> **MATERIAL FOR THIS EXERCISE**:
+ + + + + + +

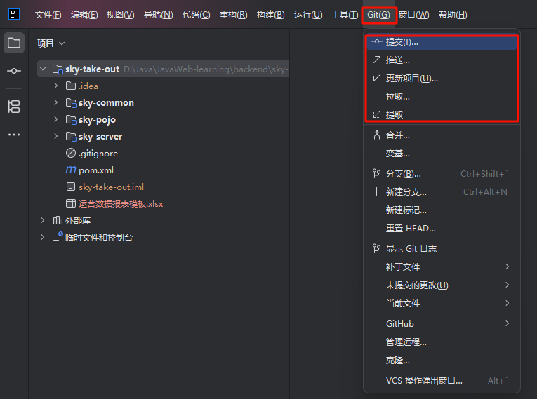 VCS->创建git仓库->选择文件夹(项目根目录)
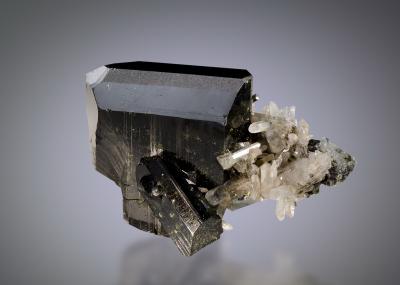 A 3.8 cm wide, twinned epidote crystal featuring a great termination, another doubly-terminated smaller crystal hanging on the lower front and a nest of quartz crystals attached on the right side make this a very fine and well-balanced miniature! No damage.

+ + + + + + +

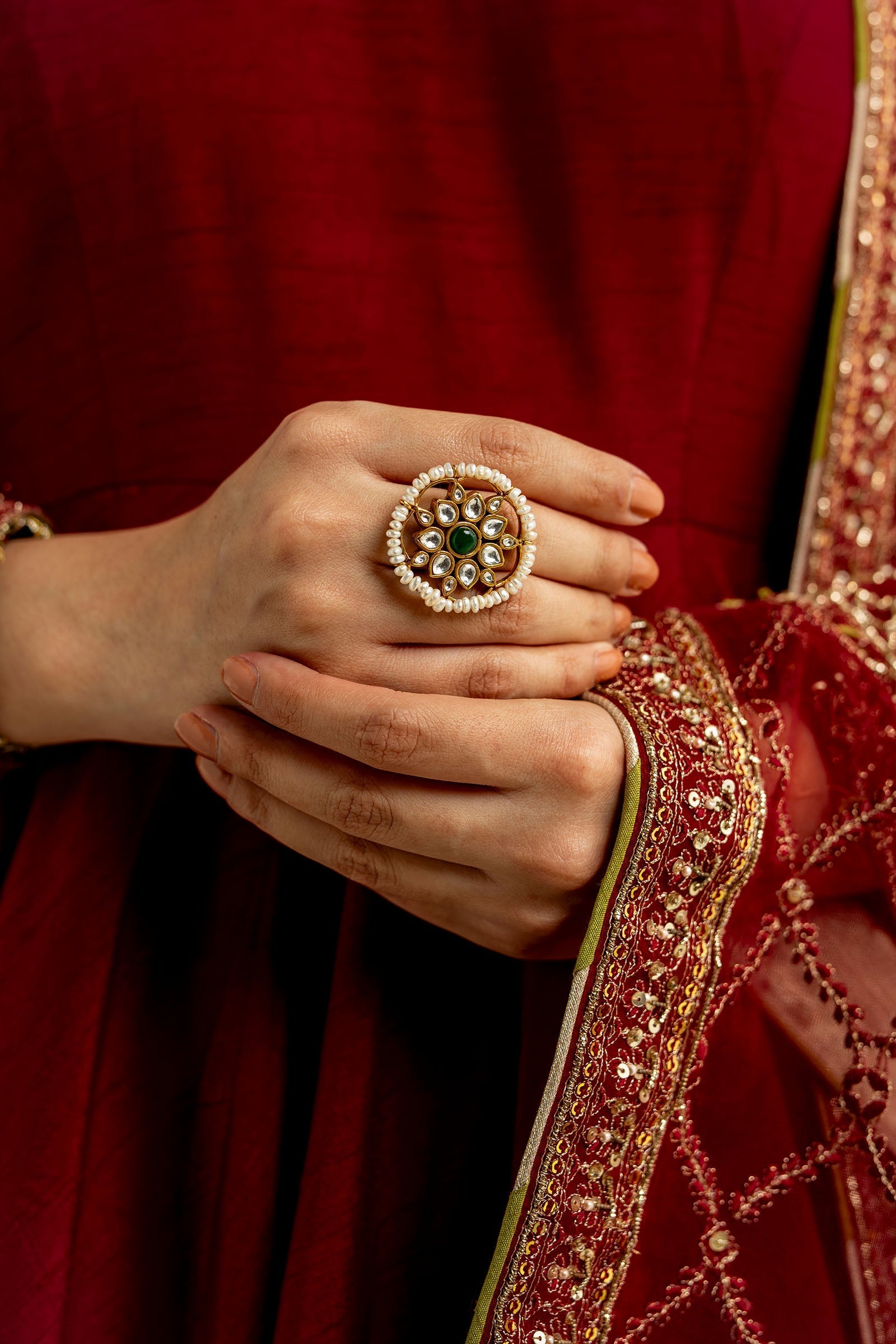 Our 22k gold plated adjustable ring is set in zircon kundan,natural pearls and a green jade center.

+ + + + + + +

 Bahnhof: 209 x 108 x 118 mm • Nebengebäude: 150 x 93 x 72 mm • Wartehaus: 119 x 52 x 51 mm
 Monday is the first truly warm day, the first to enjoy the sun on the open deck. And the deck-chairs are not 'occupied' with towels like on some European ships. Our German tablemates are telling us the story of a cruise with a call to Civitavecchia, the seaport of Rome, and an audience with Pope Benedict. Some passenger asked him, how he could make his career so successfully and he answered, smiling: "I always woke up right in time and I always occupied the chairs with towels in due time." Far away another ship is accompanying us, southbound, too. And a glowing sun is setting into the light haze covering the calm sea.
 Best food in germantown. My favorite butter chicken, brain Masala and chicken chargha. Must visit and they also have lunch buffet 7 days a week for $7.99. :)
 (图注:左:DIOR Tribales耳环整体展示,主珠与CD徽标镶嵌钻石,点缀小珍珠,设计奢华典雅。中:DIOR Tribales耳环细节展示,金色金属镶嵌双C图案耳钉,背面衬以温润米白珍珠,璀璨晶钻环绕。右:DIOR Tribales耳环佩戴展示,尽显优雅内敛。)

+ + + + + + +

> **EXERCISE**:
Exactly reproduce the lines above, starting at the one that contains "VCS->创建git仓库->选择文件夹(项目根目录)" and ending at the one that contains "A 3.8 cm wide, twinned", both inclusive; leave the pictures out and add no other lines.

> **TASK OUTPUT**:
 VCS->创建git仓库->选择文件夹(项目根目录)
 A 3.8 cm wide, twinned epidote crystal featuring a great termination, another doubly-terminated smaller crystal hanging on the lower front and a nest of quartz crystals attached on the right side make this a very fine and well-balanced miniature! No damage.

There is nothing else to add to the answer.